«Муму» до конца не дочитал… Оно, конечно, не будь грамотен, а будь памятен… Но это, паря, раньше, а теперичи же без грамоты и шагу не ступи…
Тут встряла и Санина мать, нравом тихая, за малый рост, прозванная Махоней:
– А потом она же, Саня, приезжа, мы же путём не знаем, какой у девки характер…
– Во-во, – согласился отец, – может, в поле ветер, в заде дым… Деды же говоривали: не заламывай рябину не вызревшу; не сватай девку не вызнавши… Жениться – не напасть, да как бы после не пропасть… Вон старшой женился, а теперичи чо говорит?.. А то говорит: «Лишь после женитьбы, тятя, я понял, что такое счастье», но… было уже поздно…Купил дуду, на свою беду: стал дуть – слёзы идуть…Так что, Саня, брава Маша – да не наша. Отступись, паря…
– Не переживай, сына, – мать уже всхлипывала, обиженно поджимала губы и часто, жалобно моргала от нахлынувших слёз, – не переживай, суженая и на печи найдёт…
– Найдё-от… – кивнул отец и вспомнил: – я твою мамку на печи и нашарил. За трубу, махоня, закатилась, едва клюкой выгреб…
Мать потаённо улыбнулась, вроде помолодела лицом – и ласково глянула на отца.
А баба Ксюша, бойкая старуха, вместе с дедом Фомой доживающая век у сына, печалясь за горького внука, что безпрокло сох на корню, сухостойно звенел на речном ветру; и однажды, когда сын с невесткой отлучились из дома, а дед возле окна чинил ветхие ичиги [164], старуха поманила внука в запечный куток:
– Надо, внучек, присушить девку. Да… От, Шура, крынка с малиновым вареньем; счас мы её заговорим, а ты, Шура, опосля Кланьке подсунешь: мол, гостинец от бабы Ксюши. Она чаю-то с вареньецем попьёт, у ей душа огнём и запалится. Ага… Ладно, я буду сказывать, а ты втори за мной… – И баба Ксюша забормотала древлюю присушку: – Во имя Отца и Сына, и Святого Духа!.. – Старуха обметнулась мелким крестом, глядя на божницу. – Ты не молчи, как дундук; ты повторяй, повторяй, раз девку хошь завлечь!.. Стану я, раб Божий Александр, благословясь, пойду перекрестись, из избы дверями, из двора воротами, выйду в чистое поле; в чистом поле стоит изба, в избе из угла в угол лежит доска, на доске лежит тоска. Я той тоске, раб Божий Александр, велю: поди, тоска, навались на красную девицу, в ясные очи, в чёрныя брови, в ретивое сердце, в кровь горячую по мне, рабе Божием Александре… Вот, Шура, и вся присуха. А теперичи ляг опочинься, ни о чём не кручинься…

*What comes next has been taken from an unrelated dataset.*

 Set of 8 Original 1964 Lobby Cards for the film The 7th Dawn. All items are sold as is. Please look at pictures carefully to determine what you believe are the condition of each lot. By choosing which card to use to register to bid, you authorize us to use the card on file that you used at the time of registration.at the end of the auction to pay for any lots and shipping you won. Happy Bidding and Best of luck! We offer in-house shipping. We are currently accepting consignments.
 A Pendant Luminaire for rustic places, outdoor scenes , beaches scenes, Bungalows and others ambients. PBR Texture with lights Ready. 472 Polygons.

Дед Фома в сердцах воткнул крючок в сыромять, перекрестился и сухо сплюнул:
– Тьфу! С ума сдурела!.. Погладил бы тебя мутовкой[165] по дурной башке, дак мутовку жалко – обломишь… Ты кого, старуха, наговариваш?! Ты какого ляда[166] с присухой лезешь?! Крешшонная, поди, а беса тешишь… По- божески, по-русски, дак посвататься бы… Вот возьмём да и пойдём, сосватам девку…
Саня вообразил, как воскресным летним вечером, побрившись, наодеколонившись и нарядившись, потащатся они с дедом Фомой сватать девку, как деревенские посмеются вслед, как Аграфена Павловна, у которой Клава квартировала, по-учительски сурово обзовёт их пережитками феодализма и вытурит взашей. Вообразив неминуемый позор, Саня досадливо отмахнулся от старика:
– Кого-то выдумываш, дед… курам н
– Ага, обойдёшься… – опять досадливо сплюнул дед Фома. – Ноги до колен сшоркаш и ничо не выходишь. Ему как доброму, а он ишо и шеперится…

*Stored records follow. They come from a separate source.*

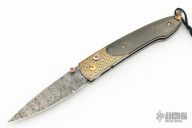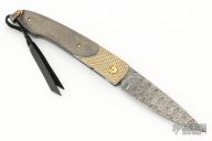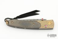 The B10 "Scepter" by William Henry features a Noris"Ladder" Damascus blade with single thumbstud with ruby inset in gold bezel. The frame is Koftgari inlaid 24k gold with carbon fiber scales, 24k gold-coated stainless/titanium fittings. Sterling silver lanyard bail. Includes, leather clipcase, original box and all paperwork dated Feb 22, 2006. Excellent condition.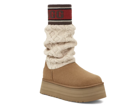 몇 년 전 시작되어 지금까지 은은한 열기를 유지하고 있는 레그워머 트렌드를 기억하시나요? 이에 어울리게 어그에서는 레그워머가 연상되는 스웨터 레터 부츠를 출시하였습니다.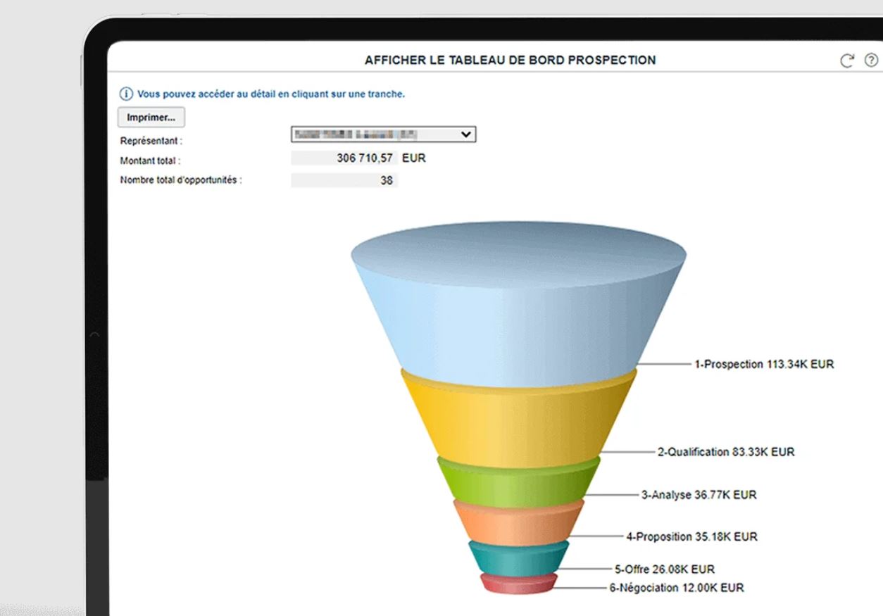 - Gestion des ventes : un CRM intégré et adapté au milieu industriel avec un suivi des opportunités, des offres et de vos commandes ainsi qu’un processus dédié aux relances.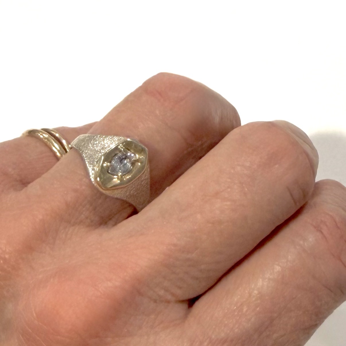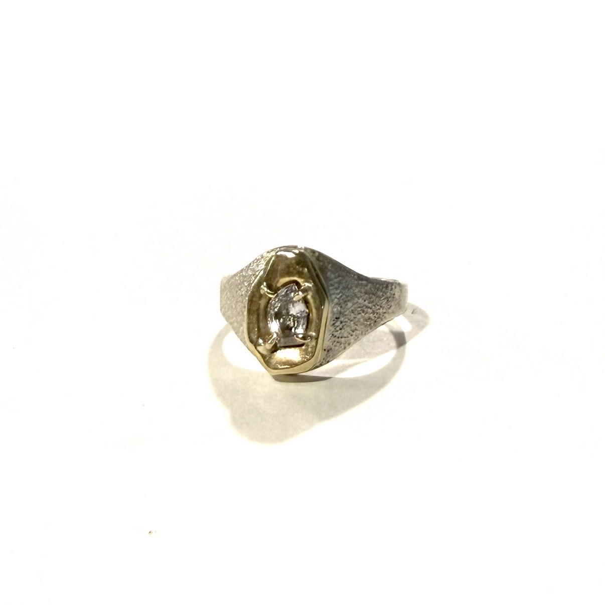 A dreamy faceted white sapphire ..prong-set in a 10k yellow gold pillow.. presented on a prbblr-textured sterling silver band. One of a kind.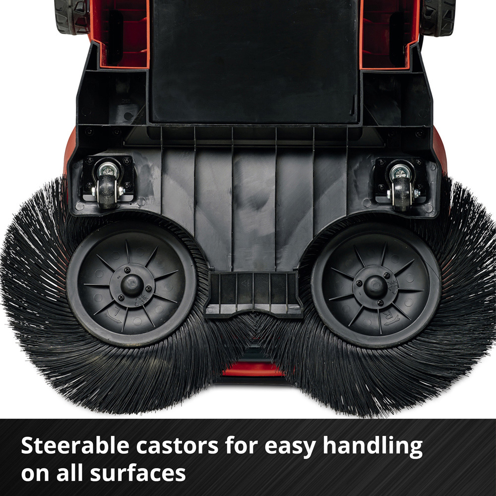 The Einhell TE-SW 18/610 Li-Solo cordless mechanical sweeper is a member of the flexible PXC family. The battery and charger are available separately. The cordless machine needs one 18 V rechargeable battery. The mechanical sweeper assists with sweeping work, enabling you to sweep up without strain or effort using a battery-assisted brush-drive, right up to the edges thanks to the brushes positioned on the side. Especially for sweeping up large areas at up to 1,800 m² per hour thanks to the 610 mm sweeping width, it makes light work of keeping large yards tidy. The On/Off switch is located on the handle itself. For easy handling, it has large swivel rollers and an ergonomic shape. Complete with a 20-liter dirt tank that can be set down.

– Ладно, дед, успокойся, не гони пургу…
Баба Ксюша вышла хитрее деда Фомы: завернула в избу-читальню, эдак досюльно старуха звала библиотеку, где исподтишка и сунула избачке заговорённую малину, а Клава при встрече со старухой похвалила варенье: до чего же сладкое, – язык проглотишь.
А Саня справно посещал библиотеку… Возвращая очередную книгу, онемевший от любви, твердил: «Не-е, Клава, я не отступлюсь… А пойдёшь под венец, век буду на руках таскать и пылинки сдувать; слова поперёк не скажу, ничем не попрекну…» Парень видел радость супружеской жизни лишь в дарении, а какое бы счастьице привалило, коли и суженная бы молилась: стану богоданному ноги мыть и омытки пить, побреду за милым хоть на край света, не посетую на холод и голод, лишь бы в жёны взял. Но Кланя ничего не обещала, и малиновое варенье не присушило девку к Сане.

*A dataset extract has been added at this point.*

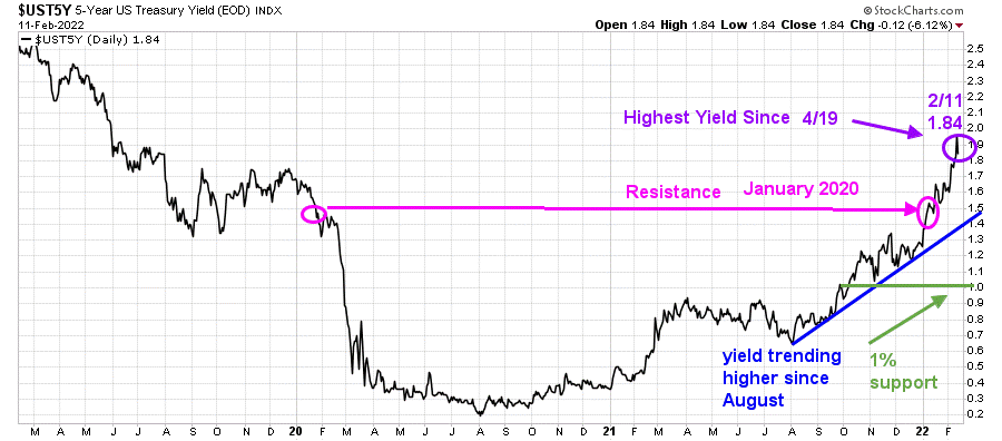 5-Year U.S. Treasury yields rose to 1.84%, the highest level since May 2019 ( purple circle), continuing to make higher highs.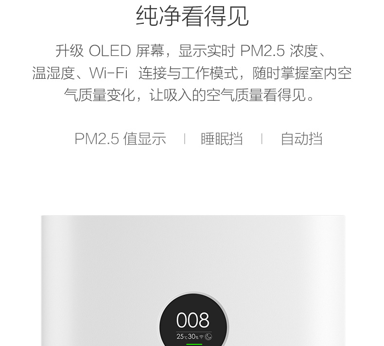 空气净化器。可以查看室温,湿度,还有PM2.5指数。只有一个按钮可以调控三种模式,感觉方便。开启后基本没有声音。在主卧室用了一下,绑定好了手机端小米APP,远距离也能够控制它。滤网有显示寿命,好像看说明书,两三个月就要更换一次了,感觉稍微有点麻烦,其他还不错~

Но, как говорят, не было бы счастья, да несчастье помогло… Уж и руки опустились …Клава о ту пору с улыбочкой косилась на кудрявого и бравого приезжего баяниста… Уж и собирался Саня махнуть рукой на Кланю, поискать ровню, чтоб запрячь в дровни, уж и в деревне, глядя на печального Саню, сочувственно посмеивались: дескать, прошла любовь, завяли помидоры, но ошибались суесловы.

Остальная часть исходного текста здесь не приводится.